Top 5 Identifiers with the number of connected nodes:

MATCH (i:Identifier)--(r)
RETURN i.name, i.id, COUNT(r) AS rcnt ORDER BY rcnt DESC LIMIT 5;

╒═══════════════╤══════════════════════════════════════╤═══════╕
│"i.name"       │"i.id"                                │"rcnt" │
╞═══════════════╪══════════════════════════════════════╪═══════╡
│"person_id"    │"d41d8cd98f00b204e9800998ecf8427e"    │4144791│
├───────────────┼──────────────────────────────────────┼───────┤
│"domain_userid"│""                                    │3551436│
├───────────────┼──────────────────────────────────────┼───────┤
│"domain_userid"│"a36f6585-cd3e-467c-ba74-f00684896d88"│  53449│
├───────────────┼──────────────────────────────────────┼───────┤
│"domain_userid"│"bd73ee3b-a36f-4585-8d3e-967cba74f006"│  17632│
├───────────────┼──────────────────────────────────────┼───────┤
│"domain_userid"│"b8cd94b0-3fda-4680-821c-35c3cbb96396"│   9457│
└───────────────┴──────────────────────────────────────┴───────┘

We have 2 nodes with extremely highly number of connected nodes
And we would like to exclude those two Identifiers because:

The id = "d41d8cd98f00b204e9800998ecf8427e" is result of ID generation function like
apoc.util.md5([row.first_name, row.last_name, row.email_address])
In case of all empty attributes the function return "d41d8cd98f00b204e9800998ecf8427e"
RETURN apoc.util.md5(['', '', '']);
Empty domain_userid identifier as referenced above

If we start from the Device node D1, and try to find the paths without any limitation on the length/depth of the paths then the number of paths grows exponentially.
So for a path with length 4 as shown in the diagram, the number of combinations becomes 1X1000X10X5 = 50000 paths.
But this is not the end in our case, we are trying to find even more longer paths.
Devices: D1,D2,D3
Identifier: I1
Email: E1

The above filter WHERE device.rr_id='null' used for the performance purposes to avoid NULLs.
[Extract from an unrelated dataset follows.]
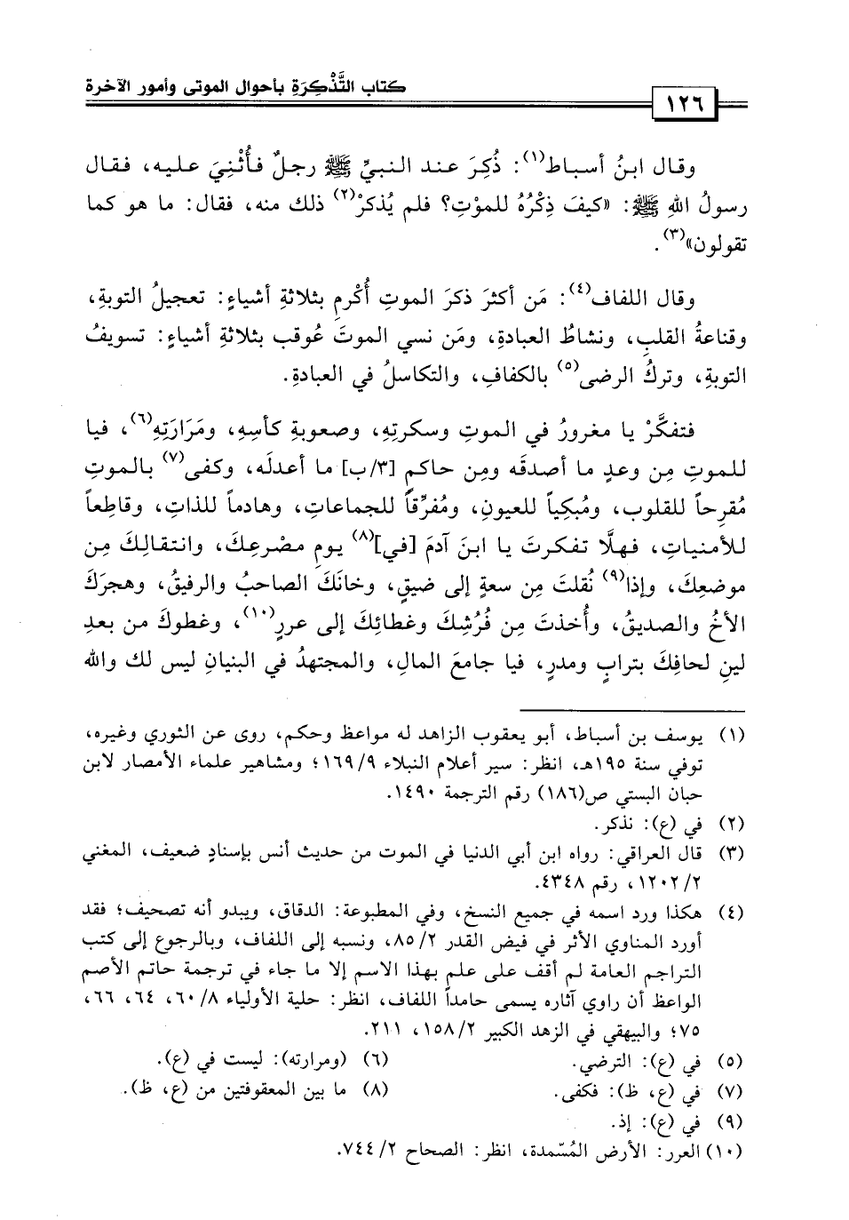 وقال أسباط: ذكر عند النبي صلى الله عليه وسلم رجل فأثنى عليه فقال عليه السلام: «كيف ذكره للموت؟ فلم يذكر ذلك عنه.
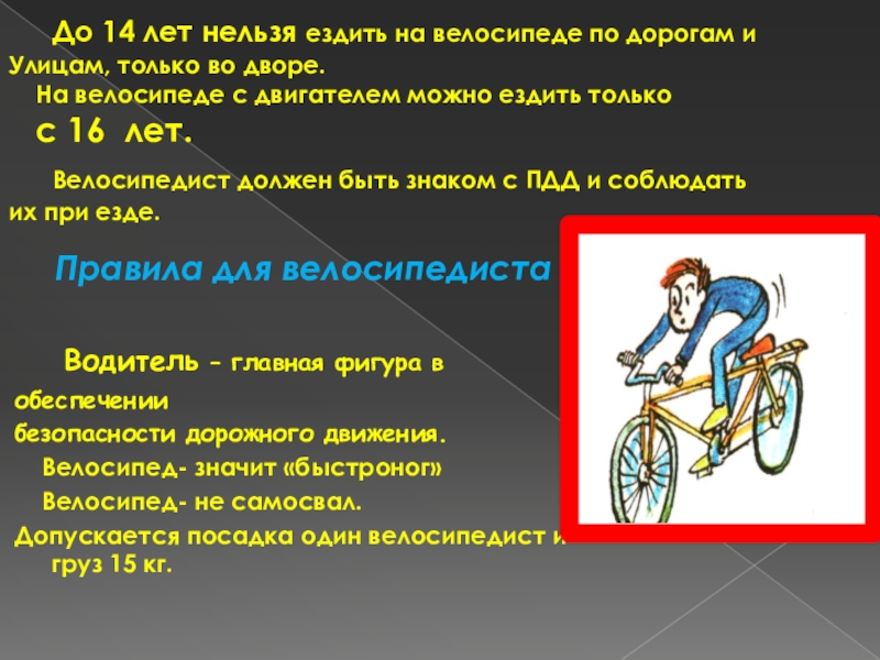 До 14 лет нельзя ездить на велосипеде по дорогам и

Our IDs we are forming connections on are as a result of cookies we load on user devices

The rest of filter AND device.useragent_family <> 'Storebot' AND device.user_agent <> 'Shopify-Captain-Hook' used to exclude nodes loaded from Shopify api, because the shopify api’s IP is Shopify server IP not user IP and because it won’t have a domain user id due to a cookie not being loaded for these api calls.

We have tried the following troubleshooting steps:

Adjust memory with the advice from neo4j-admin memrec util
# Based on the above, the following memory settings are recommended:
dbms.memory.heap.initial_size=31300m
dbms.memory.heap.max_size=31300m
dbms.memory.pagecache.size=79900m
#
# It is also recommended turning out-of-memory errors into full crashes,
# instead of allowing a partially crashed database to continue running:
dbms.jvm.additional=-XX:+ExitOnOutOfMemoryError

How can we address the above problems? What is a better approach?

PS
We are trying to use Weakly Connected Components as described in https://neo4j.com/docs/graph-data-science/current/algorithms/wcc/ to identify not connected subgraphs in our graph, but without success.
The code generated only 4 subgraphs identified rr_id for 3 millions of IP.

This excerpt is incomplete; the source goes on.